- Special Projects
The developer of a proposed 12,000-home master-planned community in Ewa has asked state officials to delay Tuesday’s final decision on whether its project can move forward by a month.
D.R. Horton filed the motion on Friday with the state Land Use Commission and the last-minute move is raising eyebrows among opponents who are trying to stop the controversial project known as Hoopili.
At issue is whether a delay would push a final decision past the end of June, when the terms of two commissioners expire. They will be replaced by appointees of Gov. Neil Abercrombie who has said that he supports the project.
“The new people would be Abercrombie people and the administration has been favorable to the development,” said Kioni Dudley, president of Friends of Makakilo, a chief opponent of the development.
An executive at D.R. Horton brushed off the notion that the company is trying to get a more favorable commission. Cameron Nekota, an executive vice president, said the company is asking for an extension in order to clarify a constitutional issue.
The developer has requested three weeks to file legal briefs in the case, with a one week opportunity for opponents to respond.
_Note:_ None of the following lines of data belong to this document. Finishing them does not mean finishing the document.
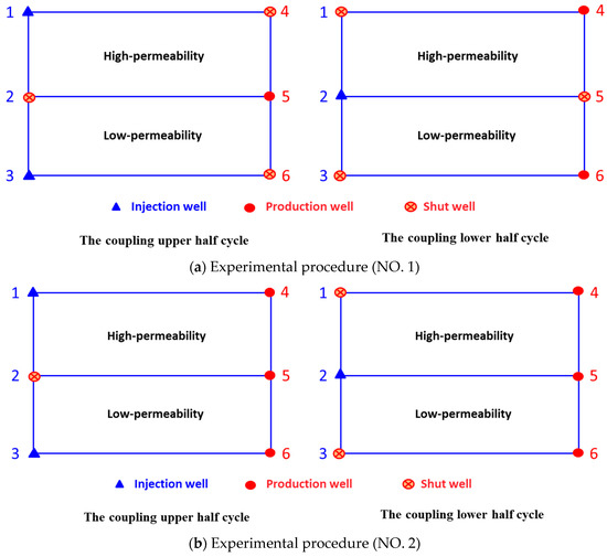 The experimental procedure of the transparent heterogeneous sand pack flooding test was as follows: (1) Oil saturated period: The sand pack model was vacuumed and saturated with formation brine. Then, the simulated crude oil was injected into the transparent plate sand pack until no water was produced at different injection rates from 0.1 mL/min to 1.0 mL/min. (2) Initial water flooding period: Then water flooding was conducted at the injection rate of 0.5 mL/min until the water cut reached 90%. (3) Final water flooding period. Then, the subsequent water was injected into the sand pack model until no more oil could be produced at the injection rate of 0.5 mL/min under different injection modes, as shown in Figure 3. For example, the conventional injection–production mode is when injection wells 1#, 2#, and 3# inject water slug simultaneously, and production wells 4#, 5#, and 6# produce simultaneously. However, for the injection–production coupling mode, during the coupling upper half cycle, when injection wells 1# and 3# inject water slug, the production well 5# produces. During the coupling lower half cycle, when injection well 2# injects water slug, the production wells 4# and 6# produce.
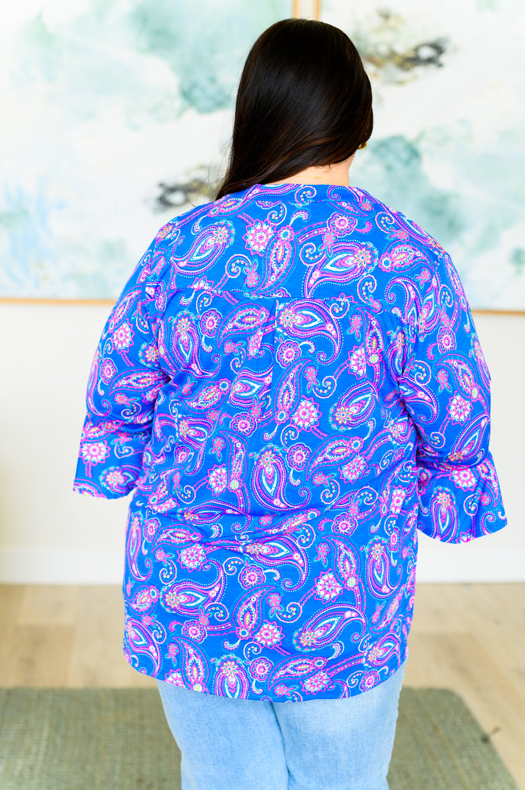 Upgrade your wardrobe with our Lizzy Bell Sleeve Top. Made with easy-to-wear bulgari fabric, the Lizzy v-neckline and 3/4 length bell sleeves provide both comfort and style. Stand out with the cutest print and make a statement wherever you go.
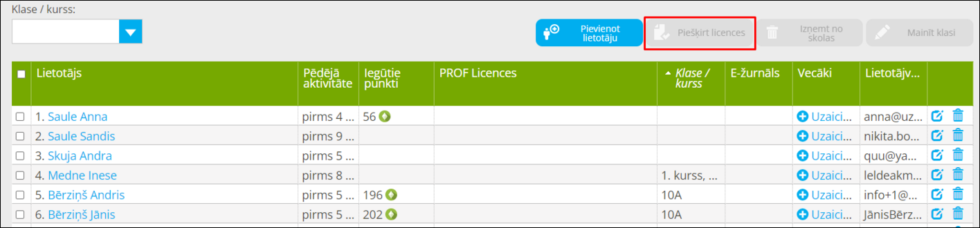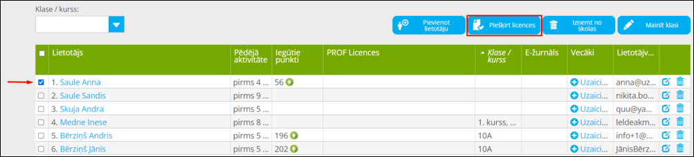 - Pretī viņa vārdam tabulas kreisajā malā jāatzīmē ķeksītis (vienlaicīgi iespējams atzīmēt vairākus lietotājus, kam piešķirt PROF licenci)
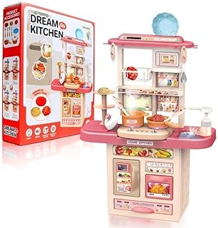 مجموعة لعب دريم كيتشن للاطفال، لعبة مطبخ كبيرة باللون الزهري مع تأثيرات ضوئية وصوتية، ملحقات وتخزين متعددة
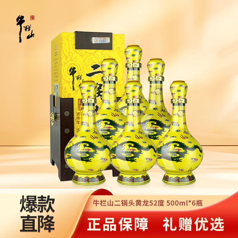 牛栏山 经典黄龙 二锅头 清香型白酒 52度 500mL*6瓶 整箱 年货节送礼

“After a five year process, we want to make sure everything is covered and that the commission has everything it needs to make a fair decision in this case,” Nekota said. “From our perspective, it’s been a long process that has attracted much scrutiny. We want to make sure the commission has all that (information).”
This is D.R. Horton’s second attempt to convince the commission to reclassify more than 1,000 acres of prime agricultural land to urban use. Last time, the commission rejected its petition saying that the company had failed to provide an adequate timeline for completing the project.
Other intervenors in the case include the Sierra Club and Sen. Clayton Hee, who is being represented by attorney Eric Seitz.
Seitz said he plans to object to D.R.Horton’s motion and that the commission’s schedule for the proceedings was aimed at concluding the process before members left the commission.
“To bring something like this up at the last minute is just bizarre,” Seitz said.
The terms of Normand Lezy, chair of the commission, and Lisa Judge expire June 30. Abercrombie has already appointed Lance Inouye, president and CEO of Ralph S. Inouye Co., a general contractor and developer of government properties and commercial real estate, to fill Lezy’s position. A replacement for Judge has not been announced.
New commissioners could vote on the case even though they haven’t sat through the quasi-judicial proceedings. But they must attest to having read all of the documents and files in the case. The case has stretched out over the past eight months and both sides have presented hours of testimony on issues including the loss of farmland, traffic impacts, the impact on water resources and expected job creation.
At least six of the nine members on the commission must approve D.R. Horton’s petition to reclassify the land.
The commission is also up against a July 26 deadline — if commissioners don’t make a decision by then, D.R. Horton’s petition is automatically granted.
D.R. Horton has been trying to reclassify the land, which it currently leases to two of Hawaii’s largest farms, for nearly six years.
A central argument of Hoopili opponents is that reclassifying the prime agricultural land violates the state constitution, which states that important agricultural land be protected. In 2008, the Legislature directed all counties to identify important ag lands that would remain classified as such in perpetuity unless changed by a two-thirds vote of lawmakers. The counties have been slow to implement the law, and opponents have argued that Hoopili lands would have received this special designation.
It’s this issue that D.R. Horton says it wants to clarify for the commission.
Opponents argue that “the constitution mandates the preservation of agricultural lands, and they certainly argued that in front of the commission for the last year now,” Nekota said. “We’re mainly clarifying it from our perspective. We just don’t want any commissioner to think that they can not do that.”
But opponents say it’s too late for D.R. Horton to be coming to the commission about the issue now, when it’s been a central component of the whole case.
“My take is that it is eight months too late,” said Seitz.
Both sides are also gearing up for a potential appeal of the commission’s decision.
The Sierra Club told Civil Beat that if the commission grants D.R. Horton’s petition, it will appeal the decision in court.
Seitz said it was premature to comment on the possibility of an appeal. But he did say that he had approached the proceedings in a way that created a record that would support an appeal if necessary.
D.R. Horton is preparing too, and wants the extension of time in order to more fully address the constitutional issue, said Nekota.
“The decision and order that we filed runs through the findings of fact and law, it provides a roadmap. It doesn’t speak specifically to that issue (of the constitutionality of reclassifying important ag lands) because it’s not the forum in which we would make that argument,” he said. “It’s really outside the decision and order itself. You would think that the ability to file legal briefs in the end makes the record a lot cleaner if someone were to appeal.”
The commission is expected to consider D.R. Horton’s request for an extension at the start of proceedings on Tuesday.